:: Brief ::
Output the first line below and each one after it, exactly, up to and including the line holding "Comprar EGLOBAL Industrial". Pictures should not be copied.

━━━━━ Material provided ━━━━━

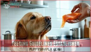 When determining how much cooked fish skin to give your dog, think of it like adding sprinkles to ice cream—a little goes a long way. Following proper Daily Limits guarantees your pup gets the benefits without overdoing it.
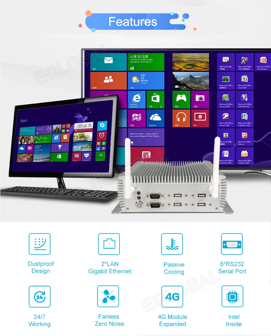 Comprar EGLOBAL Industrial Mini PC sin ventilador i7 4500U i5 Windows 10 Pro Linux 2 * Intel LAN 6*6 * RS232/ 485 HDMI VGA 8 * USB WiFi reloj de perro 3G/4G
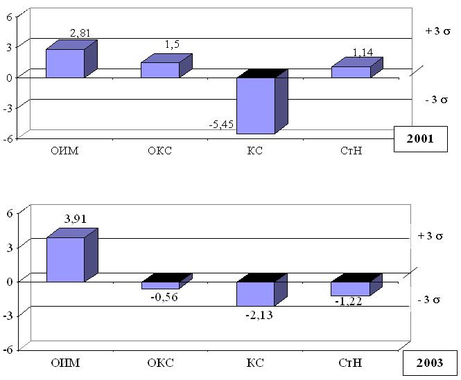 Как следует из представленных данных, практически отсутствует динамика ошибок при обследовании пациентов и определению преемственности, несколько уменьшилось количество ошибок лечения, но при этом возросло количество ошибок диагноза. Результаты экспертизы, выполненной в 2003 г., явились основой для выработки управленческих решений по улучшению КМП. Так на этапе сбора информации типичными ошибками являлись излишняя лабораторная диагностика (фибриноген, протромбин, билирубин) и невыполнение необходимых исследований (тропанин, МВ-фракция креатинфосфокиназы). Типичной ошибкой диагноза являлось отсутствие определения функционального класса стенокардии после перенесенного ОИМ. Ошибки лечения заключались в неверном способе применения (доза, путь введения, режим применения) бета-блокаторов, гепарина и аспирина. Немногочисленные ошибки преемственности были связаны в основном с отсутствием санаторно-курортной реабилитации пациентов и недостаточных рекомендациях по дальнейшему лечению. На следующем этапе анализа следовало определить в стабильном или нестабильном состоянии находится специализированное отделение для лечения ОИМ, иначе говоря, есть разница в качестве работы врачей или нет. Это необходимо для выбора адреса планируемого управленческого решения: или оно должно быть направлено на всю систему (всех сотрудников отделения) при стабильном состоянии, или на конкретных врачей (отдельные элементы системы) при нестабильном ее состоянии. Для получения такой информации необходимо сопоставить интегрированные показатели КМП по врачам отделения (рис. 19).

━━━━━

:: Answer box ::
 When determining how much cooked fish skin to give your dog, think of it like adding sprinkles to ice cream—a little goes a long way. Following proper Daily Limits guarantees your pup gets the benefits without overdoing it.
 Comprar EGLOBAL Industrial Mini PC sin ventilador i7 4500U i5 Windows 10 Pro Linux 2 * Intel LAN 6*6 * RS232/ 485 HDMI VGA 8 * USB WiFi reloj de perro 3G/4G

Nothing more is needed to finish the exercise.